Следует признать, что с известными оговорками геоцивилизация Жуань Вэя – своего рода виртуальная цивилизационная «конфедерация». Если же посмотреть на «геоцивилизацию» с другой – номиналистической – точки зрения, с неменьшей достоверностью можно утверждать, что геоцивилизация – теоретический конструкт. У геоцивилизации, трактующей особую роль географо-территориальных привязок, парадоксальным образом нет своей территории, гипотетически – только территории ее «частей». Поэтому, когда Жуань Вэй утверждает, что «геоцивилизация есть пространственная форма, которую можно напрямую увидеть и почувствовать» [Жуань Вэй 2006а: 13], то это выглядит преувеличением. Геоцивилизации априори не могут быть тождественны геоэкономическим, геополитическим и даже геокультурным союзам. Но как только концепция геоцивилизации займет подобающее ей место в общественном сознании, эти «составные части» территорий виртуальной геоцивилизации действительно могут начать восприниматься как общие, находящиеся под протекторатом материнской цивилизации. Основание для такого восприятия, как явствует из нашего анализа концепции Жуань Вэя, уже готово: для идеи геоцивилизации, полагает он, «государство-нация и соответствующая [ей] концепция суверенитета не являются священными» [Жуань Вэй 2006а: 13].
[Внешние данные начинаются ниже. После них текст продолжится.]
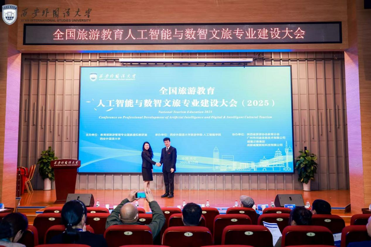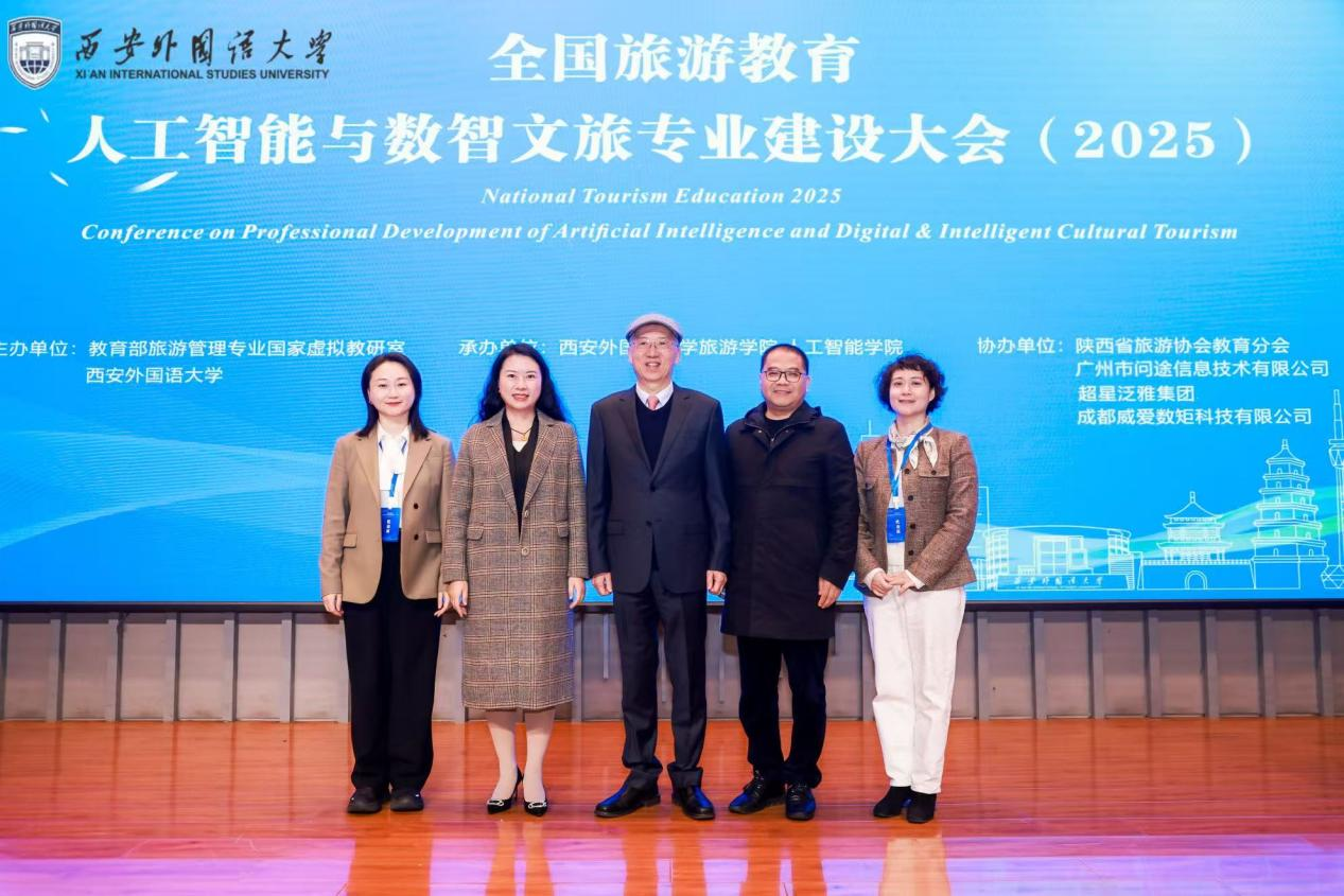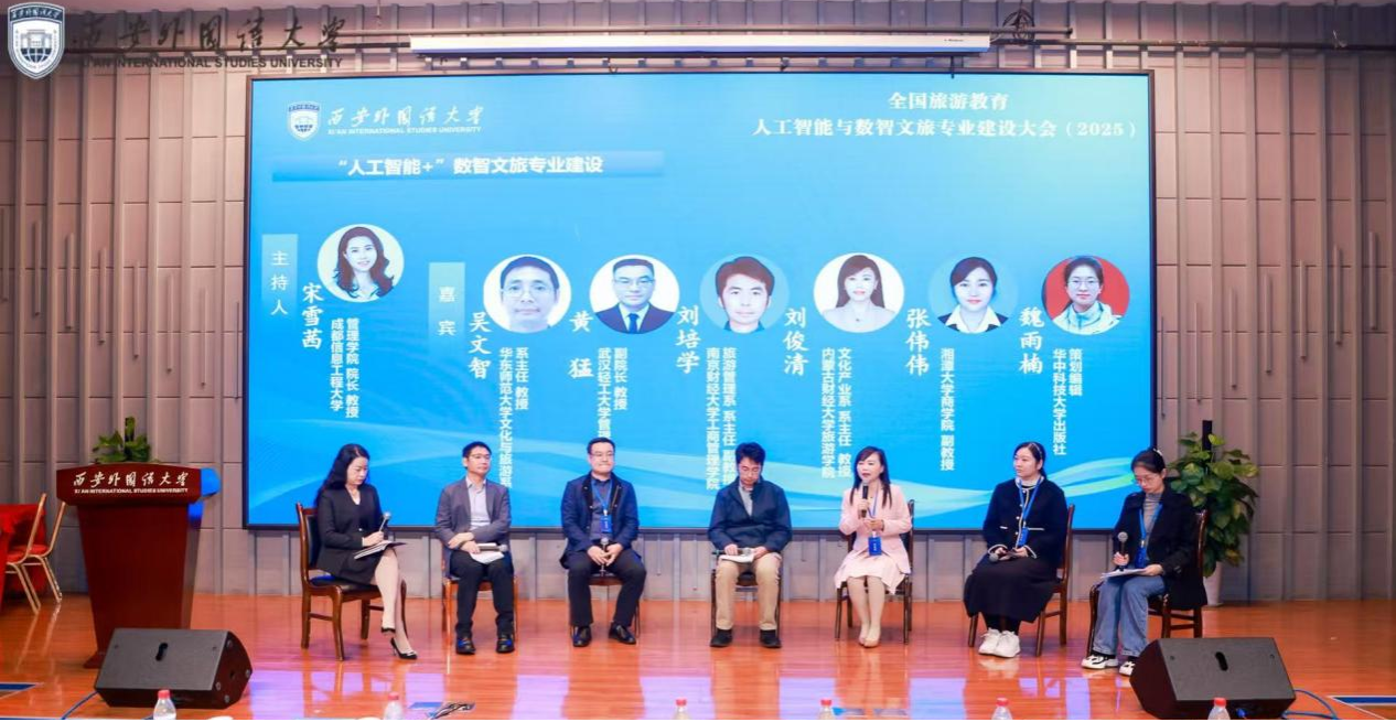 【本网讯】10月23日至25日,全国首届旅游教育人工智能与数智文旅专业建设大会(2025)在西安外国语大学长安校区召开。本次大会由教育部旅游管理专业国家虚拟教研室、西安外国语大学联合主办,西安外国语大学旅游学院与人工智能学院承办。大会聚焦人工智能与数智文旅领域前沿动态,汇聚全国高校旅游教育专家学者、政府部门代表、行业企业家及院校旅游管理专业负责人等160余人,共同探讨“人工智能重塑旅游教育新生态”。我校管理学院院长宋雪茜、旅游与营销系主任钱永贵、系副主任赵玮及实验室主任陈莹受邀参会。

Надо понимать, что «гео» в понимании китайцев – не только география как соположенность ландшафтов. Это и климат, и «весны и осени», с ритмом смены которых, как показано в книге «Лунь юй», должен соразмеряться буквально каждый шаг и жизни людей, и ритуальных практик. Одним словом, «гео» – диюань, которое суть «судьба» или «неотвратимость»; это не только пространство, но и время (от времен года до геокосмического циклизма большого времени), другими словами, пространственно-временнόй континуум, который есть хронотоп, месторазвитие, природа. Однако в традиционной китайской картине мира Природа – это и Небо тоже. Причем и в естественно-астрономическом, и в метафизическом смысле. Здесь мы опять наблюдаем действие всеобъемлющего принципа триединства Земли, Неба и Человека (тянь жэнь хэ и). Это триединство – основа и древнекитайской геомантии, и современного геоцивилизационного понимания мироустройства.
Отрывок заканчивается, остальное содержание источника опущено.